Dlaczego kobiety noszą spodnie?

spodnieDziś kobiety noszą spodnie znacznie częściej niż spódnice, niezależnie od okazji – czy to do pracy, do szkoły, na randkę czy na wieczorne spotkanie biznesowe. Nie zawsze jednak tak było – jeszcze na początku XX wieku spodnie u kobiet były rzadkością. A skąd się wzięły?
Oto historia damskich spodni.
      Aż do XIX wieku kobiety chodziły wyłącznie w sukniach. I nie było w tym nic dziwnego, wszak nie uprawiały sportów, nie prowadziły samochodów, nie pracowały w fabrykach. Ale z czasem ta sytuacja zaczęła się zmieniać. W XIX wieku, po przemianach związanych z Wiosną Ludów, kobiety zaczęły inaczej spędzać czas niż do tej pory – jeździły na nartach, grały w golfa, jeździły na rowerze. I o ile do pierwszych dwóch czynności wystarczyło skrócenie spódnic, o tyle na rowerze jeździć było nie sposób. Dlatego właśnie feministki zaczęły propagować noszenie spodni, a model, noszony przez jedną z nich, Amelię Jenks Bloomer, zwężany u dołu i szeroki na górze, do tej pory funkcjonuje w modzie pod nazwą „pumpy”.

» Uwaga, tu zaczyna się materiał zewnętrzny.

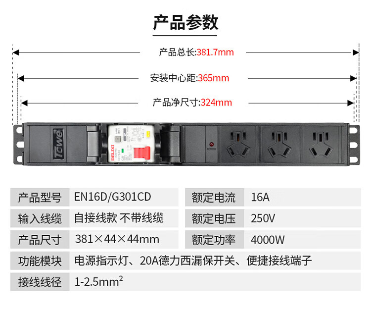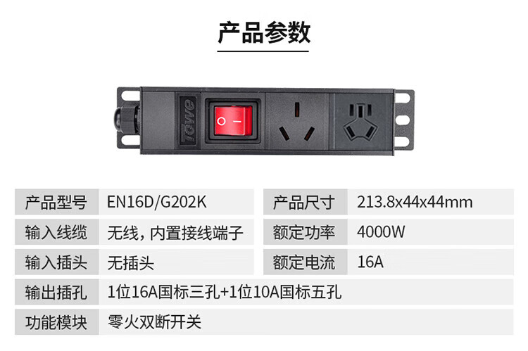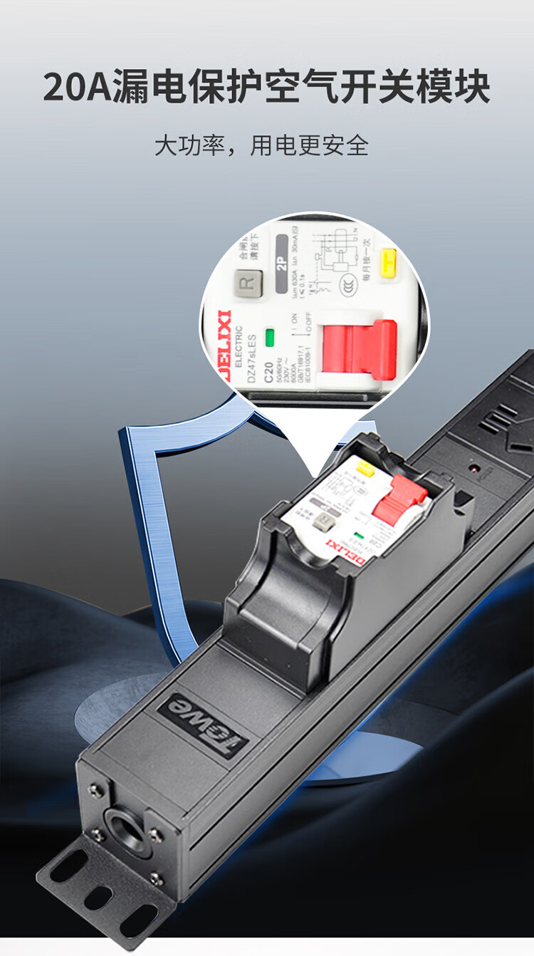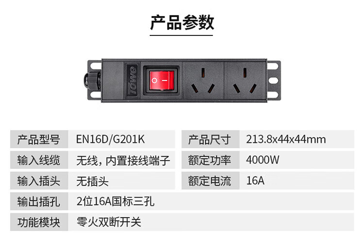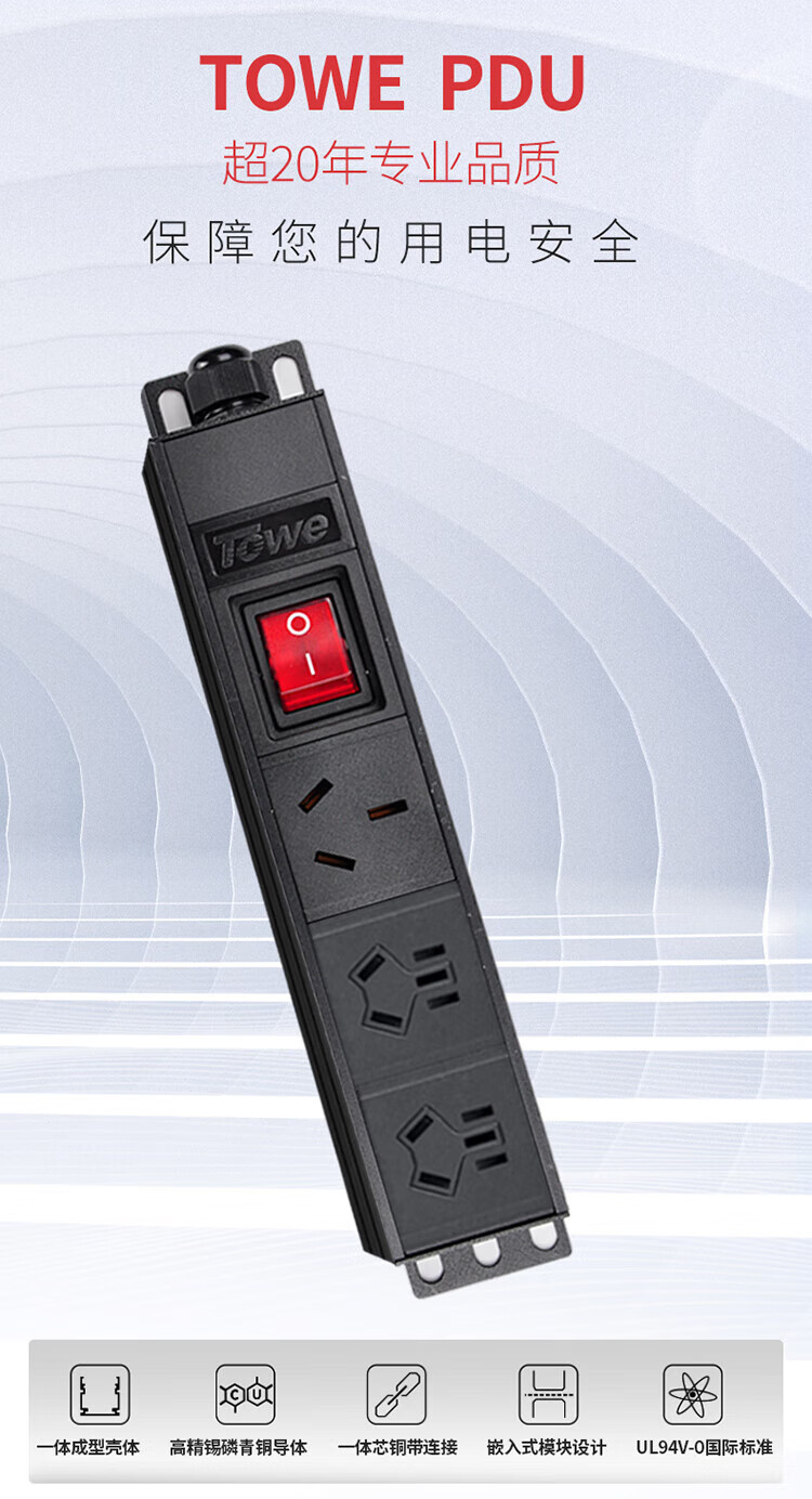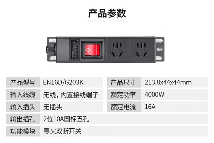 TOWE is also a high-power PDU cabinet socket multimedia weak current box short wireless PDU without wire strip with leakage protection air switch self-wiring strip 2 positions 16A EN16D/G201K

      W czasie I wojny światowej kobiety musiały zajmować się interesami mężczyzn, którzy poszli na front, nic więc dziwnego, że wraz z ich sprawami, przejęły także ich modę i wkładały spodnie coraz chętniej. Do popularyzacji tej części garderoby wśród kobiet przyczyniła się znana na całym świecie projektantka, Coco Chanel, która ubierała się „na chłopczycę” i nosiła zawsze krótkie, męskie fryzury.
      Po drugiej wojnie światowej, ze względu na ogromne zniszczenia w Europie, stolicą mody stały się Stany Zjednoczone, a prawdziwym hitem – dżinsy, które nosili nie tylko mężczyźni, ale i kobiety, które coraz częściej pracowały zawodowo. Dla nich właśnie w latach 60-tych stworzony został elegancki model spodni, sprzedawany w komplecie z kamizelką. Od tej chwili był już tylko krok do rozpowszechnienia się spodni jako zamiennika dla spódnic, także na uroczyste okazje. Ten fakt, a także moda na dżinsy, promowana przez hippisów w latach 70-tych sprawiły, że produkcja spodni była w tym okresie trzykrotnie większa niż produkcja spódnic i tak też zostało po dziś dzień.